Date: 30 May 2021

I am currently reading a book called *The Book of Why*. I just finished Chapter 1, The Ladder of Causation, and would like to give you a quick summary on what I have learnt.

In the recent advancement and success of machine learning and artificial intelligence, it seems that many problems can be solved by learning from a large amount of data, from credit risk assessment, Go game, to protein folding problem. The author claims that the development is far from human intelligence since a human can answer questions much more difficult than association/ correlation.

In this Chapter, the author introduces the so called Ladder of Causation:

Category | Fancy Name | Activity | Questions |

Seeing | Association | Seeing, Observing | What if I see…? How are the variables related? |

Doing | Intervention | Doing, Intervening | What if I do…? How? What would Y be if I do X? |

Imagining | Counterfactual | Imaging Retrospection Understanding | What if I had done…? Why? Was it X caused Y> |

The concepts may be abstract. I think it is best illustrated by an example, of which the author called it mini-turing test (I will not go into describing why it is called mini-turing test and how is it related to turing test).

Suppose that a prisoner is about to be executed by a firing squad (see the picture if you don’t know what is a firing squad). A certain chain of events must occur for this to happen.

1. The court orders the execution

2. The order goes to a captain, who signals the soldiers on the firing squad (A soldier and B soldier) to fire. Assumed that the soldiers obey orders.

3. If either one of them shoots, the prisoner dies.

The chain of events can be represented by a diagram. And we can start answering problems in different level of the ladder.

Ladder | Question | Diagram | Answer |

Association | If the prisoner is dead, does that mean the court order was given? OR If A shoots, did B shoot? | 1 | Yes |

Intervention | What if Soldier A decides on his own initiative to fires, will the prisoner be dead or alive? Did B also shoot?The trick here is that the question violates the assumption that soldiers obey orders. A computer won’t be able to answer the question since it violates the rules. That’s the inflexibility of association.Here, A shoot does not imply B shoot. Association fails to answer the question. | 2 | Yes |

Counterfactual | Now, imagine, the prisoner is dead, and A, B must have shot. What if A decided not to shoot?
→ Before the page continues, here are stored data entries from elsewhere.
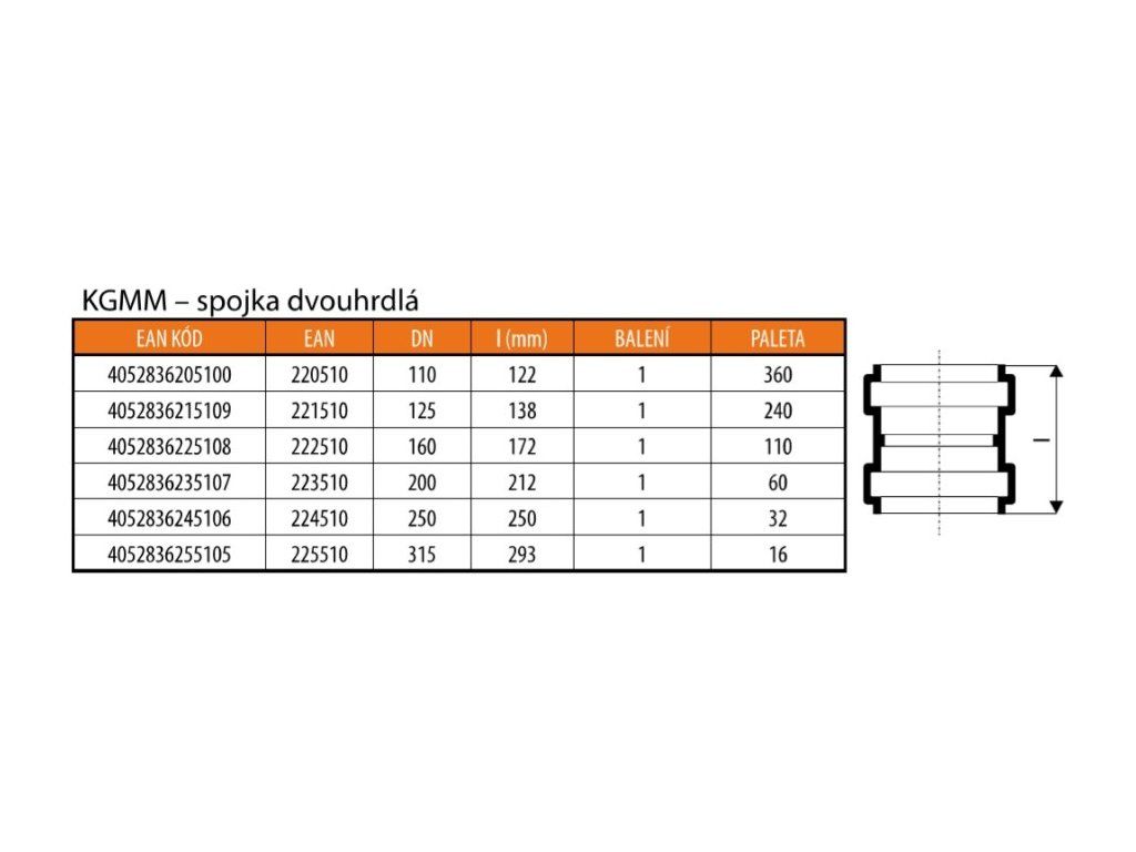 KG KGMM spojka dvouhrdlá DN125, PVC, oranžová, 221510
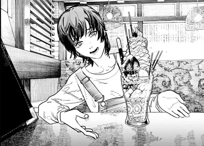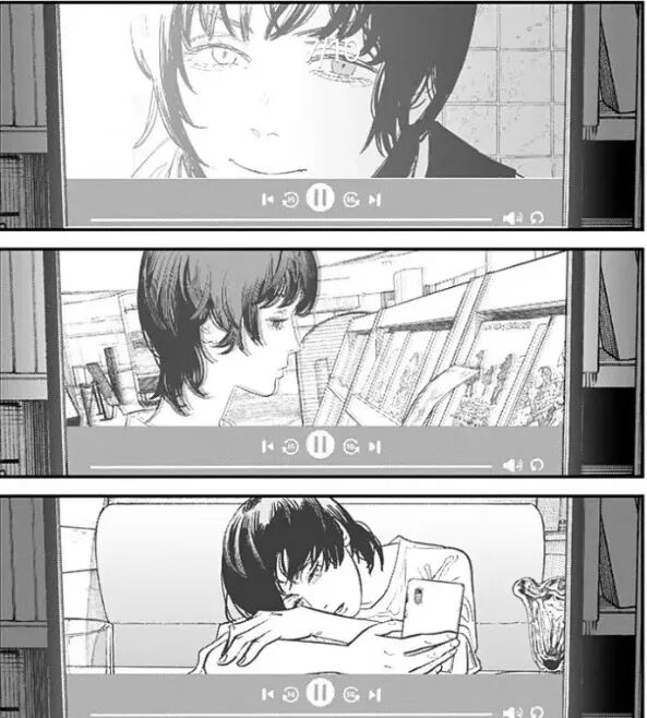 又或者《电锯人》中,坏女人玛奇玛无情杀戮,毫无情感可言,却在看电影时为“人类之爱”而感动到流泪,以此产生一种强烈的对比。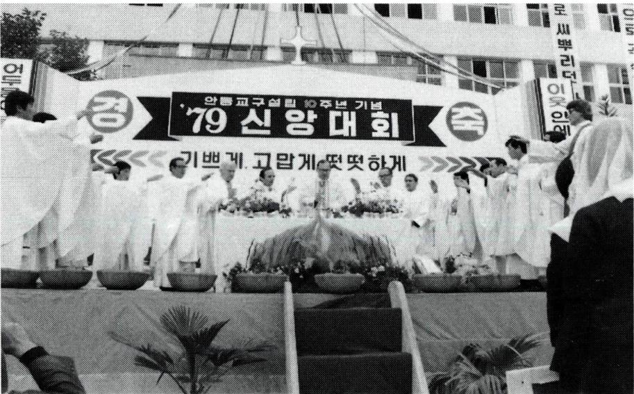 그 동안 교구 지역 안에서는 농민 운동에 감화되어 입교하는 신자들이 늘어나게 되었다. 그 결과 1971년 의성에 '안계 본당' 이 설립된 데 이어 1973년에는 안동의 '동부동 본당' 이 설립되었고, 이후로 안동 '태화동 본당 (1979), 영주 '풍기 본당' (1980), 점촌 '모전 본당' (1981), 영주 '하망동 본당' (1986)이 설립되었다. 그리고 1972년 12월 29일에는 '상지여자고등학교' 가 인가를 받아 이듬해 3월 개교하였으며, 1978년 12월 1일에는 교구 성소 후원회가 발족되었고, 1979년에는 교구 매리지 엔카운터(M.E.) 운동이, 1981년에는 인성회(仁成會) 활동이 시작되었다. 한편 1979년 10월 14일에는 오원춘 사건의 소용돌이 속에서도 교구 설정 10주년 기념 신앙 대회를 개최하였으며(장소 : 상지전문대학), 1984년에는 한국 천주교회 창설 200주년 기념 대회 및 103위 시성식을 기념하여 피정과 기도 운동을 대대적으로 전개하였고, 이듬해 8월 교구 정의 평화위원회가 발족된 데 이어 9월 15일에는 마원 성지에서 순교자 박상근(마티아)의 유해 발굴과 안장식을 가졌다. 이에 앞서 1984년 4월에는 안동시 안막동에서 교구청사 신축 공사가 시작되어 같은 해 12월 17일에 축복식을 거행하였다.

Would the prisoner be alive? (Counterfactual means counter the fact. It means imagining hypothetical situation) Association will not solve the question since it may never happen. There is no data on that. | 3 | Yes |

So, to pass the mini-turing test, our computer must be able to break rules (assumption that soldier will obey orders) and imagining fictitious world (what if A decided not to shoot which actually didn’t happen).

Apart from the arrow (cause-effect relationship), probabilities are important as well. The vaccine is a hot topic today and let’s use it as an example to illustrate the importance of probabilities. Imagine we have the following numbers:

- Out of 1 million children, 990,000 get vaccinated (99%)
- 9,900 have adverse reaction (1% of the 99%)
- 99 die from it (1% of the 1% of the 99%)
- The 10,000 who are not vaccinated, 200 get smallpox (2%)
- 40 die from the disease (20%)

Someone will say vaccine kills more people than the disease (99 die from vaccine and only 40 die from the disease). Without probabilities, it is hard to judge whether vaccine is beneficial or not. But with probabilities, we can imagine what if no one get vaccinated, there will be 4,000 children die from smallpox.

But can causation reducible to probabilities? For example, can we say X causes Y if X raises the probability of Y? It is “incorrectly” represented as follow: P(Y|X)>P(Y). This representation is wrong since it is just an observation that means if we see X, the probability of Y increases. It is still correlation/association. Sometimes, people try to define causation by probability like the following: P(Y|X, K=k) > P(Y|K=k) where k is some background factors. But what variables need to be included in the background set K and conditioned on? Maybe we should not try to define causation but rather treats it like axioms, like point and line in geometry.

In summary, the author said, “while probabilities encode our beliefs about a static world, causality tells us whether and how probabilities change when the world changes, be it by intervention or by act of imagination.”